L’expansion des boissons suit une logique similaire.
Pendant longtemps, les boissons ont occupé une place secondaire dans de nombreuses chaînes de restauration rapide. Elles faisaient partie de la commande, mais rarement la raison de la visite. Cette mentalité a radicalement changé.
Les chaînes de cafés ont prouvé que les boissons pouvaient devenir une destination à part entière. Les chaînes de restauration l’ont compris.
Aujourd’hui, tous les acteurs du secteur des boissons souhaitent développer leur offre.
La plateforme KWENCH de KFC, qui propose des boissons rafraîchissantes, des cafés glacés, des milkshakes et des boissons pétillantes, a clairement été conçue pour répondre à cette demande. Tous les clients ne viennent pas pour un repas complet. Parfois, ils recherchent simplement quelque chose de frais, de sucré ou de pratique.
Ces visites comptent aussi.
La modernisation ne se limite pas aux aliments et aux boissons.
KFC introduit également des concepts de restaurants revisités, les nouveaux établissements devant présenter des aménagements plus contemporains et une ambiance générale différente. Ce n’est pas un cas isolé. Presque toutes les grandes chaînes de restauration ont repensé leurs espaces ces dernières années.
Entrez dans un McDonald’s moderne et comparez-le avec un restaurant d’il y a vingt ans.
La différence est flagrante.
Starbucks a suivi une voie similaire. Tout comme Burger King.
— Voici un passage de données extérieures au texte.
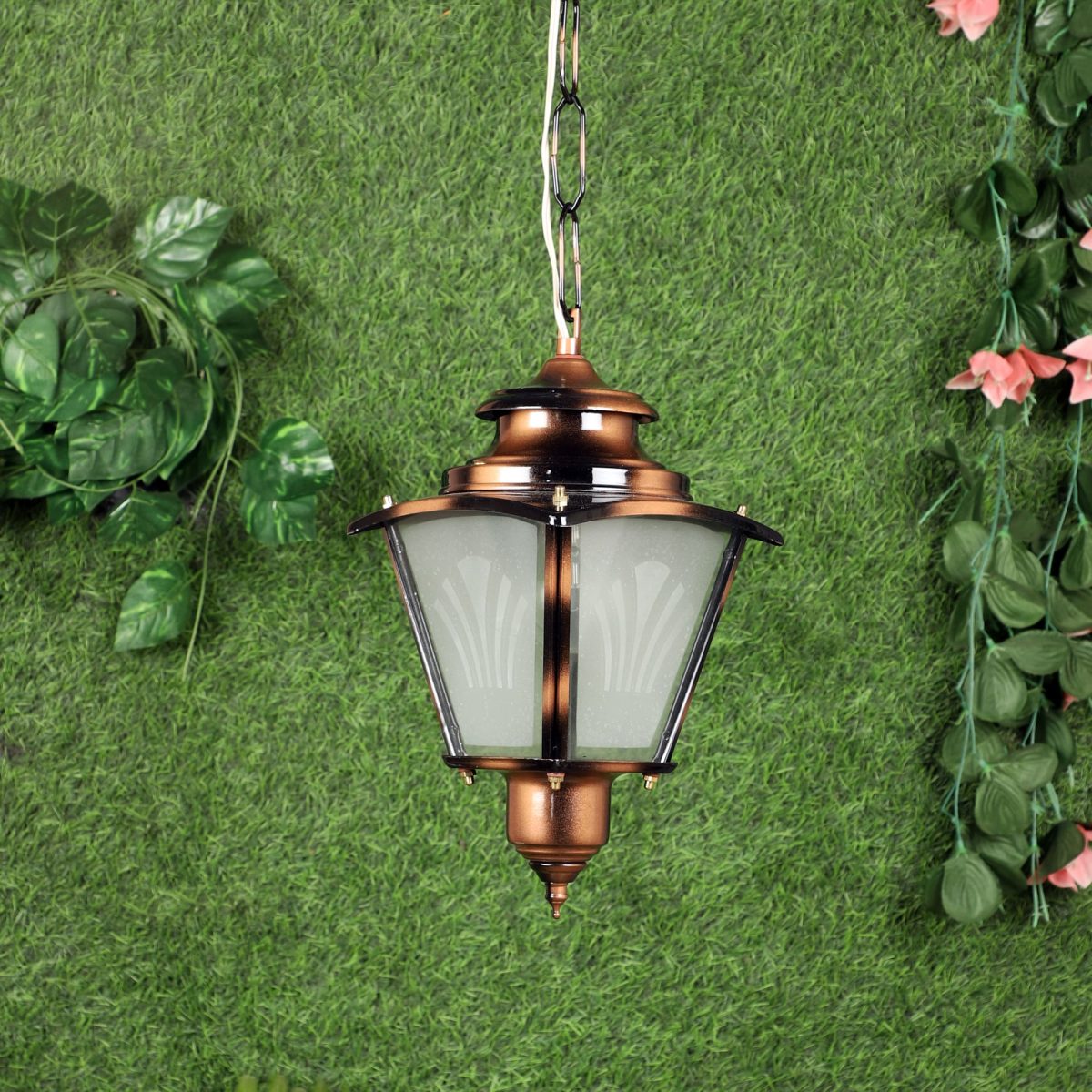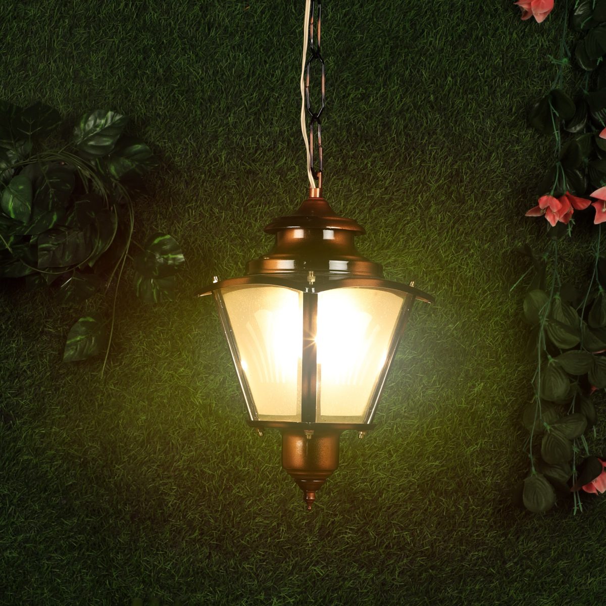 Traditional, aluminium sheet, premium one of top selling export quality outdoor hanging light in bronze. It is maintenance free, comes with an B22 holder, only the change of lamp is required, which is available locally everywhere. There are many designs in a variety of finishes many of which are part of a family that go with other garden lights. .Application areas include building entrance passage, porch, terrace gardens, theme restaurants and bars, farm house, party venues, gazebo. Can be installed indoors also it it matches with the interiors. Matching gate Light – GL4790, Matching wall light – WL2305. All options available in black finish also.
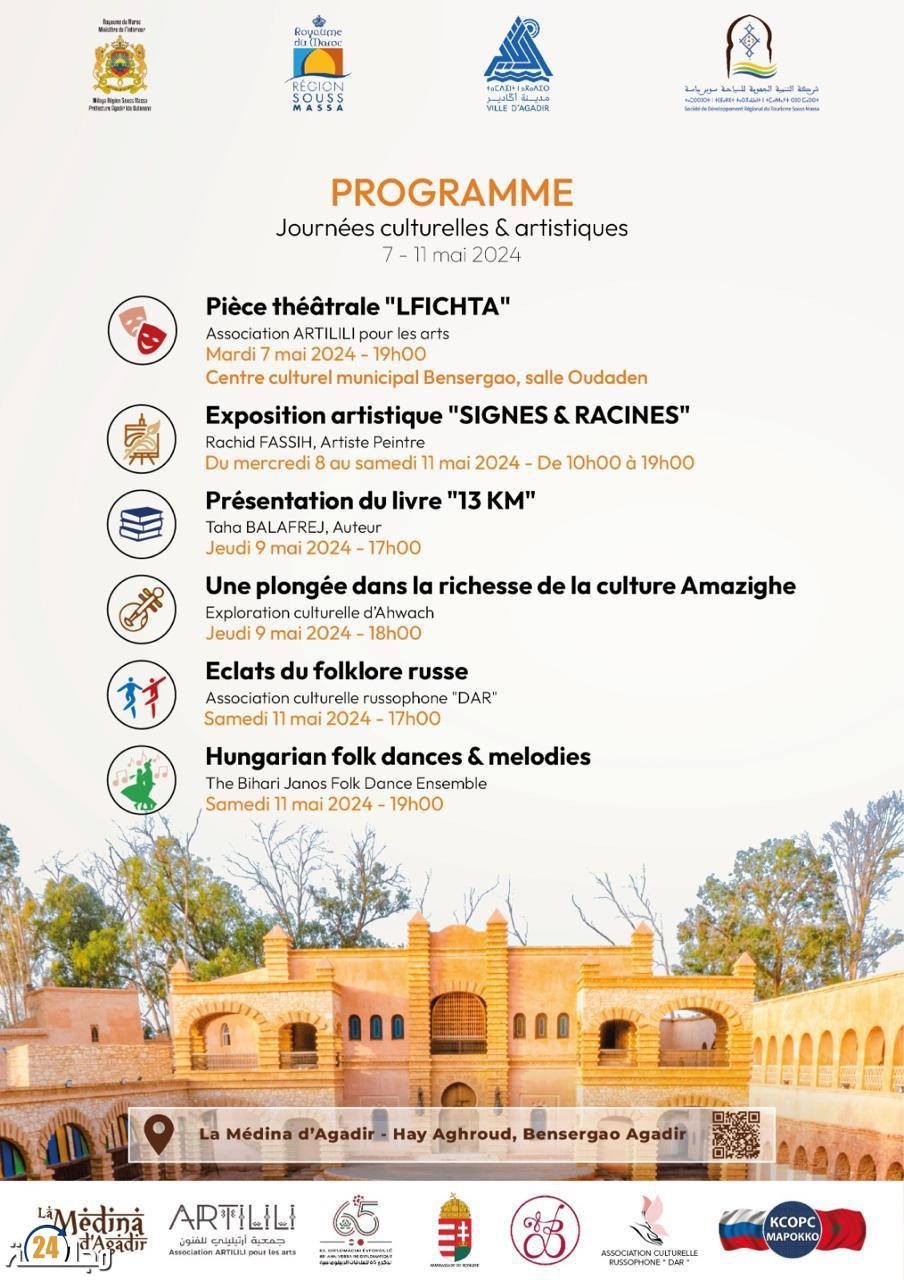 يحتضن المركب السياحي والثقافي لميدينا داكادير أيام ثقافية وفنية. وذلك في الفترة الممتدة ما بين 8 و11 ماي القادم وذلك لتنشيط الحركة السياحية و الثقافية والفنية وإبراز مكانة هذا الصرح الهندسي الكبير بالمدينة، وذلك لتنشيط الحركة الثقافية والفنية والانفتاح على ثقافات العالم، ورد الاعتبار لمركب لمدينا داكاير للقيام بأدواره الريادية الثقافية والفنية في تنشيط الحركة السياحية بمدينة الإنبعاث. ويتضمن البرنامج الثقافي والفني: عرض مسرحي بمركب اودادن بحي بنسركاو تحت عنوان (الفيشطة) لجمعية ارتليلي ، ومعرض فني تحت عنوان رموز وجذور للفنان التشكيلي المغربي : رشيد فاسح.
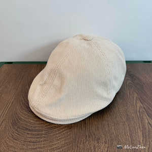 日系文艺复古时尚前进帽秋冬季灯芯绒报童帽百搭显脸小反戴鸭舌帽
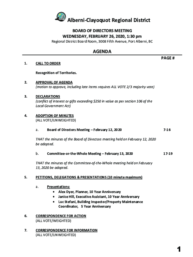 AlberniClayoquot Regional District BOARD OF DIRECTORS MEETING WEDNESDAY, FEBRUARY 26, 2020, 1:30 pmRegional District Board Room, 3008 Fifth Avenue, Port Alberni, BCAGENDA 1.CALL TO ORDERPAGE #Recognition

Les habitudes des consommateurs ont évolué, et les restaurants se sont adaptés.
KFC procède désormais à ses propres ajustements.
La mise à jour de son image de marque est au cœur de cette transformation. L’entreprise modernise ses éléments visuels sur les emballages, les publicités et les plateformes numériques, tout en conservant les symboles déjà reconnaissables. Le Colonel Sanders reste emblématique. Le célèbre seau est toujours là.
C’est probablement la décision la plus judicieuse de tout le projet.
Les entreprises sont souvent tentées de courir après la nouveauté, d’opérer des changements simplement pour faire parler d’elles.
Les marques les plus fortes résistent généralement à cette tentation.
Elles évoluent sans pour autant dénaturer le caractère familier de leurs clients.
C’est apparemment l’objectif de KFC.
Le nouveau logo attire sans doute l’attention en premier lieu, car c’est l’élément le plus visible de la transformation. Mais l’essentiel réside dans tout ce qui l’entoure : nouvelles saveurs, nouvelles boissons, nouveaux concepts de restaurants et une volonté plus globale de rester compétitif sur un marché de plus en plus concurrentiel.
Pour une entreprise comme KFC, la pertinence ne va jamais de soi.
La notoriété ne suffit pas.
Les clients connaissent déjà la marque.
Le défi consiste désormais à leur donner de nouvelles raisons de continuer à la choisir.